Sentenza Sentenza Cassazione Civile n. 7475 del 08/03/2022

Cassazione civile sez. lav., 08/03/2022, (ud. 30/09/2021, dep. 08/03/2022), n.7475

LA CORTE SUPREMA DI CASSAZIONE

SEZIONE LAVORO

Composta dagli Ill.mi Sigg.ri Magistrati:

Dott. DORONZO Adriana – Presidente –

Dott. ESPOSITO Lucia – rel. Consigliere –

Dott. GARRI Fabrizia – Consigliere –

Dott. PAGETTA Antonella – Consigliere –

Dott. PONTERIO Carla – Consigliere –

ha pronunciato la seguente:

ORDINANZA

sul ricorso 20587-2016 proposto da:

L.P., elettivamente domiciliato in ROMA, PIAZZA DEL POPOLO 18,

presso lo studio dell’avvocato GIANLUCA BELOTTI, rappresentato e

difeso dagli avvocati ALESSANDRO BALDASSARRE, ERMANNO BALDASSARRE;

– ricorrente principale –

contro

P. S.R.L., in persona del legale rappresentante pro tempore,

elettivamente domiciliata in ROMA, VIA OTTAVIANO 66, presso lo

studio dell’avvocato ANDREA VIEL, rappresentata e difesa darli

avvocati ANDREA MALTONI, ALBERTO MALTONI;

– controricorrente – ricorrente incidentale –

avverso la sentenza n. 54/2016 della CORTE D’APPELLO di BRESCIA,

depositata il 04/03/2016 R.G.N. 151/2015;

udita la relazione della causa svolta nella camera di consiglio del

30/09/2021 dal Consigliere Dott. LUCIA ESPOSITO.

 

Fatto

RILEVATO

che:

1. L.P. ha adito il giudice del lavoro esponendo che aveva prestato attività lavorativa presso lo studio P. in Bergamo dal 1993 al 2009; che a decorrere dal 1998 il rapporto si era svolto con lo studio commerciale associato P.M. e S. e dall’1/1/1999 con la P. s.r.l.; che aveva svolto dapprima mansioni impiegatizie e poi attività di consulenza, divenuta, poi, sua occupazione esclusiva; che aveva rispettato l’orario di lavoro di 8 ore giornaliere per 5 giorni alla settimana; che l’attività era stata diretta dai fratelli P., i quali si recavano raramente a Bergamo perché impegnati presso lo studio di Cinisello Balsamo, dal quale impartivano istruzioni telefoniche. Chiedeva, pertanto, previo accertamento della sussistenza di un rapporto di lavoro subordinato, la condanna in solido di P.M. e S. e della P. s.r.l. al pagamento delle differenze retributive e del TFR.

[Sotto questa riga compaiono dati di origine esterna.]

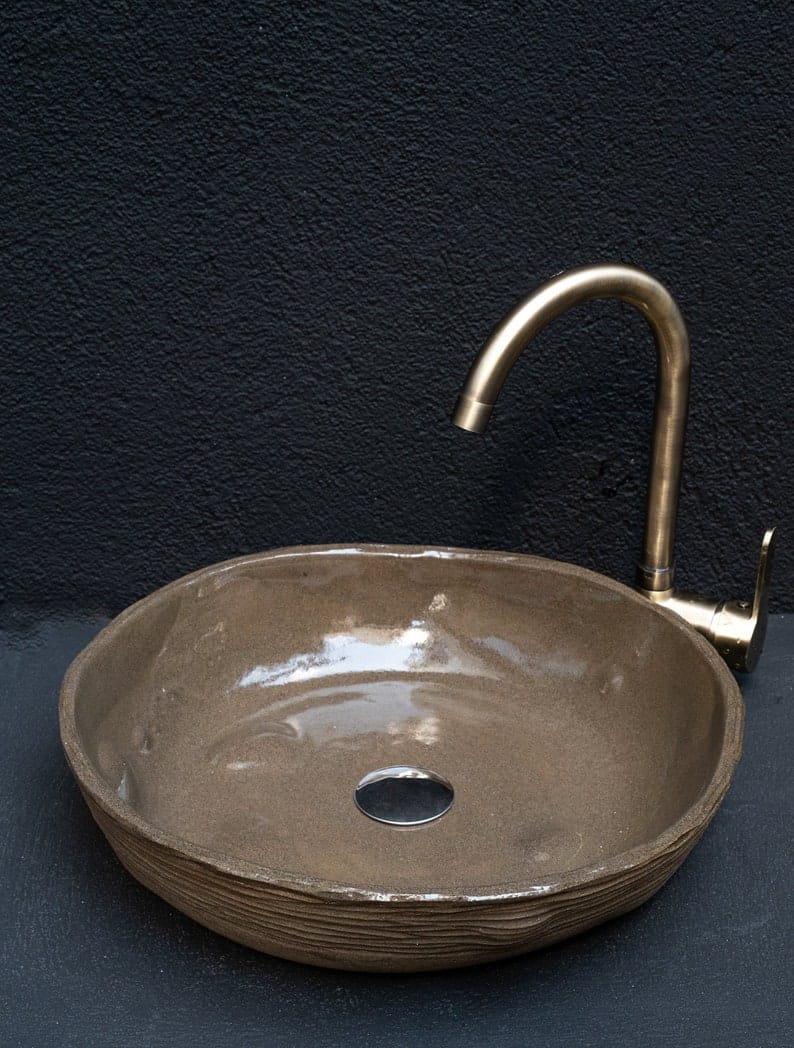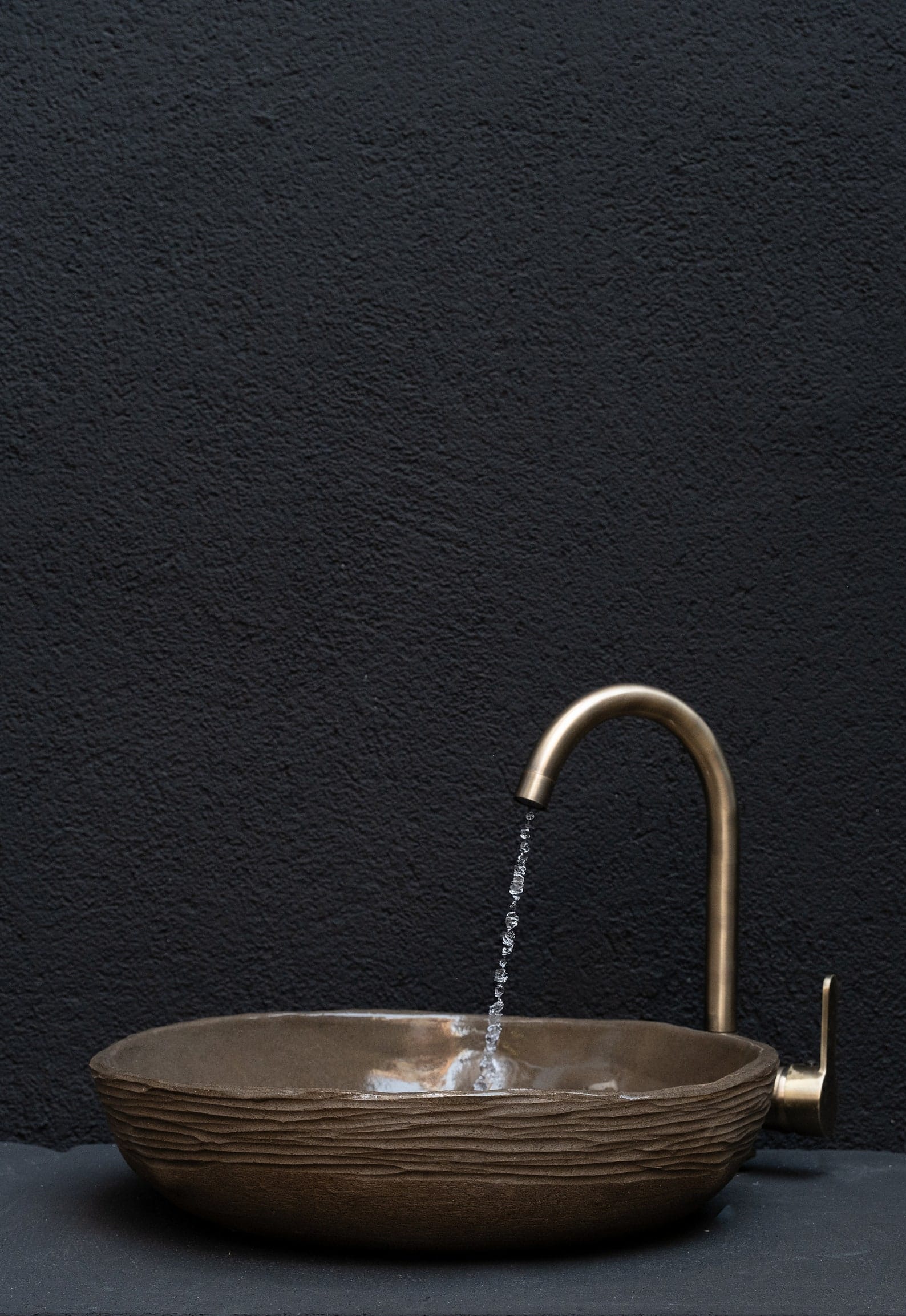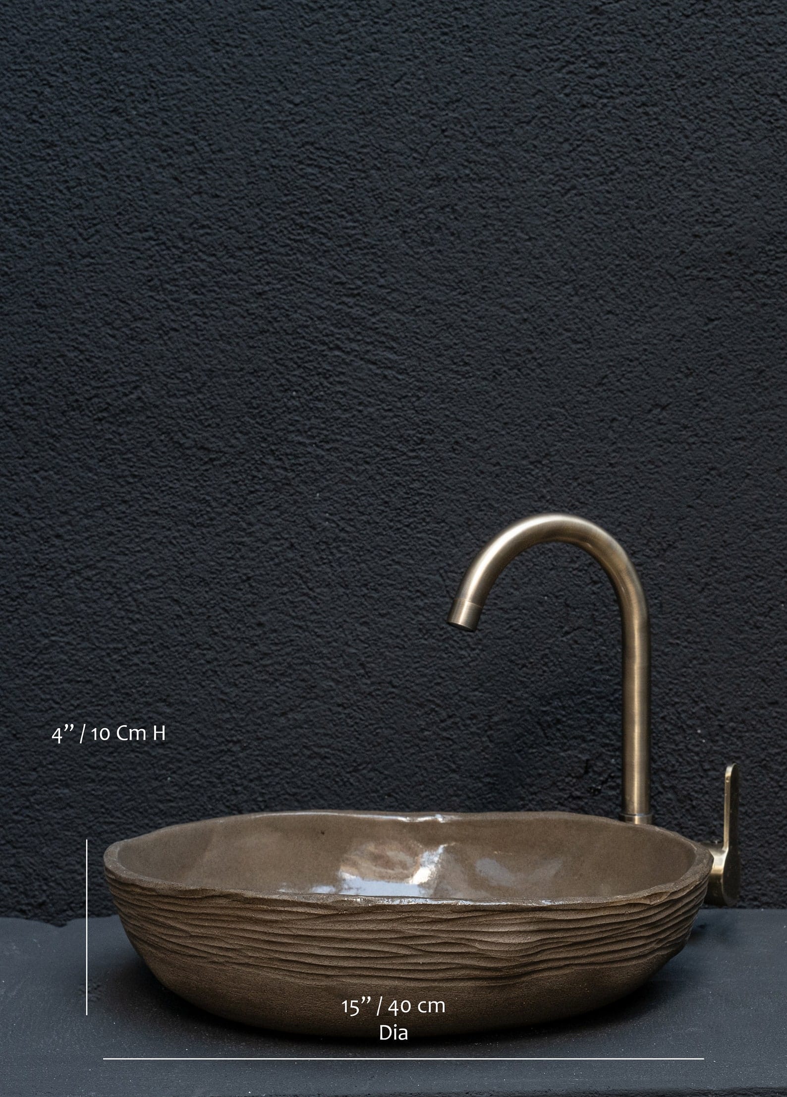 Artisan Crafted: Meticulously formed and finished by hand, this washbasin showcases the skill and artistry of ceramic craftsmanship. The rich brown hue complements the organic texture, adding warmth and character to your bathroom.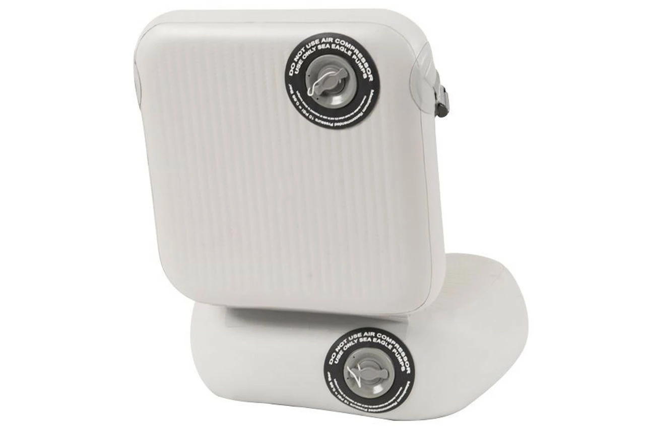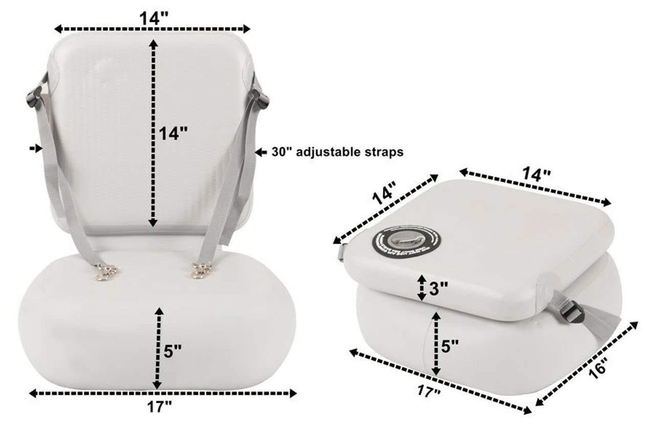 The Inflatable Canoe Seat with straps from Sea Eagle is designed to provide support and comfort for the Travel Canoe. Like the Travel Canoe, it has two separate air chambers made of drop stitch technology allowing to be inflated to 3psi for rigid support or to a lower psi for a softer ride. The back rest folds down so you can sit a bit higher. The seat base and backrest are made with two separate and independent chambers so that you can adjust both independently as well as adjusting the angle of the backrest with our adjustable quick release attachment straps.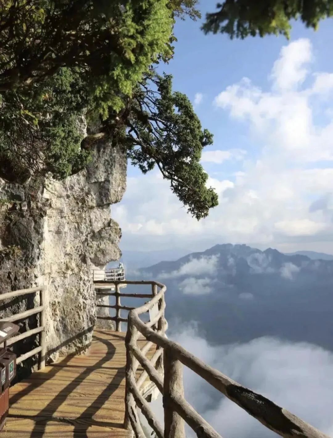 5. 龙头山堪称云海仙境,悬崖栈道仿佛悬于空中,日出日落时分,霞光漫天,随手一拍都是大片。

2. Il Tribunale dichiarava il difetto di legittimazione passiva di P.S. e M., essendo emerso che sino alla metà del 2001 l’attività era stata prestata in favore di P.F., padre dei convenuti e unico titolare dello studio; accertava la sussistenza di un rapporto di lavoro subordinato con la P. s.r.l. nel periodo 1 giugno 2001 – 16 novembre 2009 e condannava la società al pagamento della somma di Euro 20.692,77, oltre accessori.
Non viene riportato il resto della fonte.